If a users forces a non-FTDI device to be probed by the USB
serial FTDI code, it causes a NULL pointer dereference.  This can
lead to a kernel crash.


* Invalid memory reference in NFSv4 symlink decoding.

A bug in how the nfsd decoded the data for a symlink operation
could lead to the nfsd code writing to an invalid memory location.


* Deadlock in Xen console driver on resume path.

Incorrect locking in the Xen console driver on suspend could lead to a
deadlock. A local, privileged user could use this flaw to cause a
denial-of-service.


* Divide by zero when reading sched procfs file.

A 64 bits type is truncated to 32 bits after having been tested for
non-zero, which could still leave the resulting 32 bits type as zero and
cause a divide-by-zero in-kernel when reading /proc/<pid>/sched procfs
file. A local, unprivileged user could use this flaw to cause a
denial-of-service.


* Memory leak in the Radeon display driver when retrieving the display modes.

The EDID of a display device could be allocated multiple times under
specific conditions, leading the first one allocated to be unreachable and
leaked.
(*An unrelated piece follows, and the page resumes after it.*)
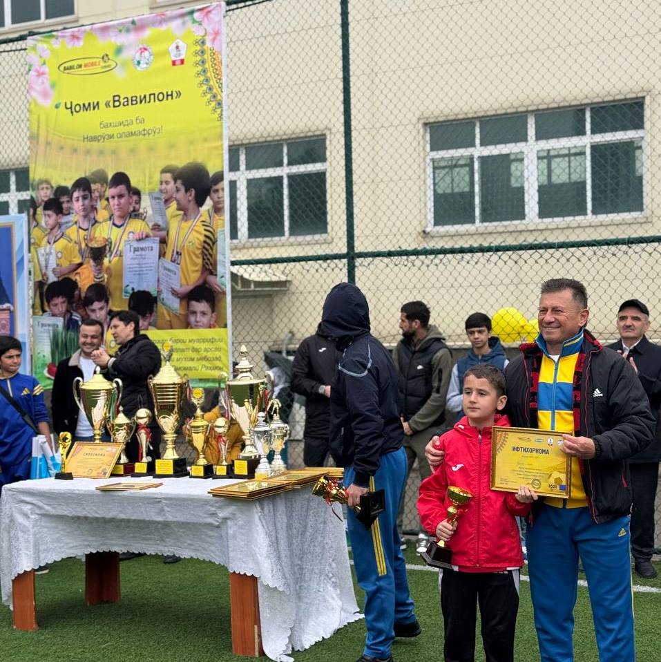 Финал турнира украсило торжественное награждение победителей. Легенды таджикского футбола Нуриддин Давронов и Фатҳулло Фатҳуллоев вручили Кубок “Вавилон – Навруз 2025” и призы юным чемпионам. На мероприятии присутствовали представители Федерации футбола Таджикистана, команда Истиқлол, а также ветераны национального футбола.

A local, privileged user could use this flaw to exhaust the memory
on the system and cause a denial-of-service.


* Memory leak in 802.1Q VLAN error handling.

Incorrect error handling when untagging an 802.1Q frame could result in
a memory leak and eventual kernel crash.


* Information leak in the stream control transmission protocol stack.

Some structures exchanged between user space and kernel space in the stream
control transmission protocol stack contain holes which may be left
uninitialized. A local, unprivileged user could use this flaw to obtain
information about the running kernel.


* Memory leak in sunvnet ethernet driver when removing the module.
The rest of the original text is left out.